Tyler or another scout could have given us a heads up and we could set up in the time we had remaining, but without the advance notice, it was a waiting game. Once we saw or heard the trucks, it might be too late to get into position.
“It's going to take me time to get in place,” I told her.
She put a hand on my cheek, and leaned in to kiss me. My lips were dry, but hers were soft and moist and tender. She lingered for just a moment, and then pulled away. Sometime during the kiss my hand had grabbed hers and I held it a second longer before letting her go.
She climbed in the car, started it up and moved to the end of the intersection two blocks away. I watched her do a k turn so she was facing out, parked in the middle of the road and remembered I forgot to remind her to keep the windows rolled up. The car would get stuffy but better some stale hot air, than fetid Z breath sneaking up on you.
But we hadn't seen any Z besides the bodies in the street, not this morning.
As if the town were empty and only the ghosts remained.
I waved, waited for her to wave back and went over to the courthouse.
Cuthbert was the county seat and the structure befitted it. Three stories tall, it towered over the landscape only just larger than the second Baptist church across the street from the first, and only then because of a cupola and bell tower.
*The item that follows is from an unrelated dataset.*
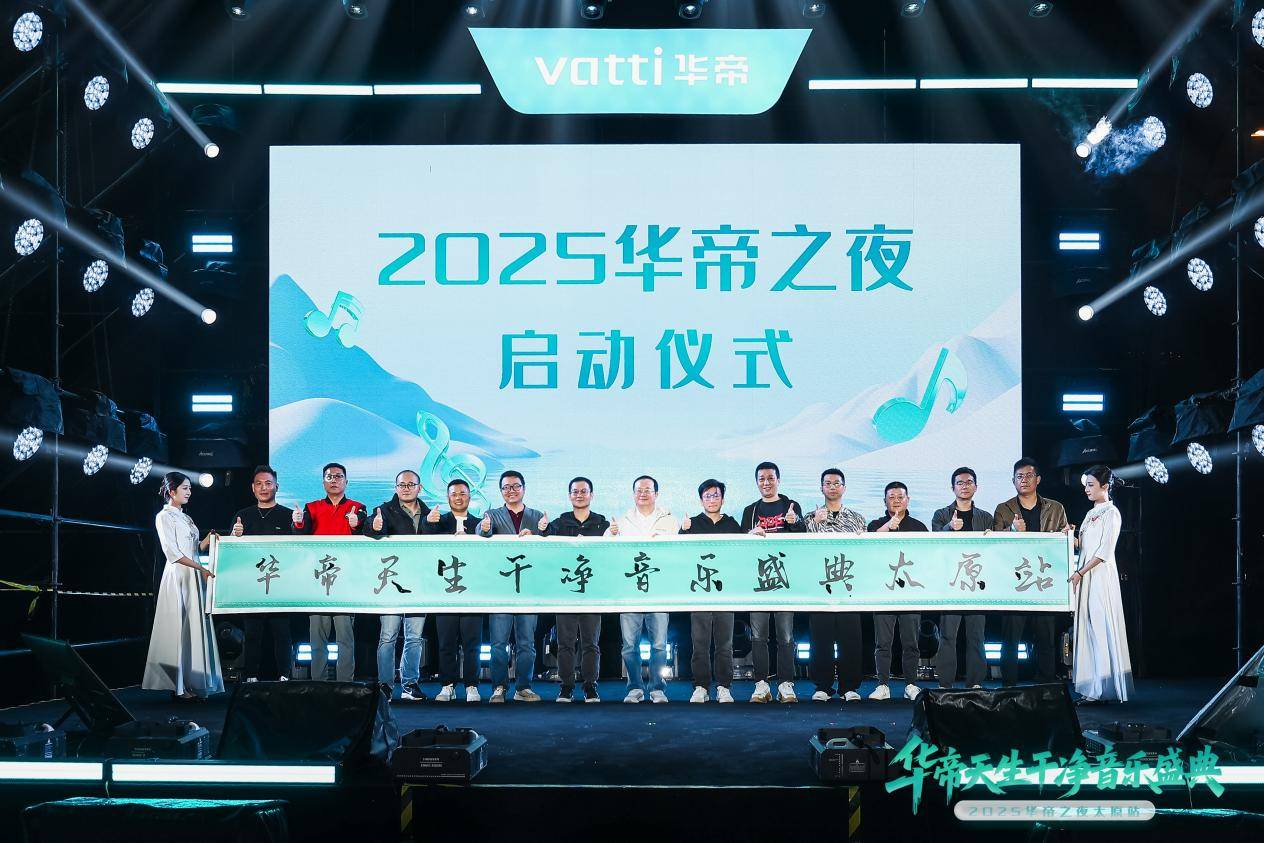 京东五星电器山西河北区域副总经理兼太原京东MALL总经理王广才、家福乐(山西)企业管理集团有限公司总裁武博雄、华帝股份副总裁王操、华帝股份线下营销总经理潘叶钊等嘉宾共同出席此次活动,并在台上携手启动“2025华帝之夜”。

Up here I could see the bells had been removed and replaced by tornado sirens, a necessity in tornado alley of mid Georgia.
I moved to the solid balustrade that circled around the second level roof.
Byron's boys had gathered ladders for me once I asked, a long aluminum extension one that shook and threatened to teeter as I tediously pulled up rung by rung. The second, a six-foot step ladder that led to my perch behind the stone wall.
From here I could see the yellow church and the white one, and the road beyond and I set up two rifles.
I went over how it would play out in my head and thought I should have asked for someone to stay and reload for me. Then thoughts of the Alamo and how rickety the ladder would be with two of us trying to slide down at the same time, and worrying about them running the two blocks to the car.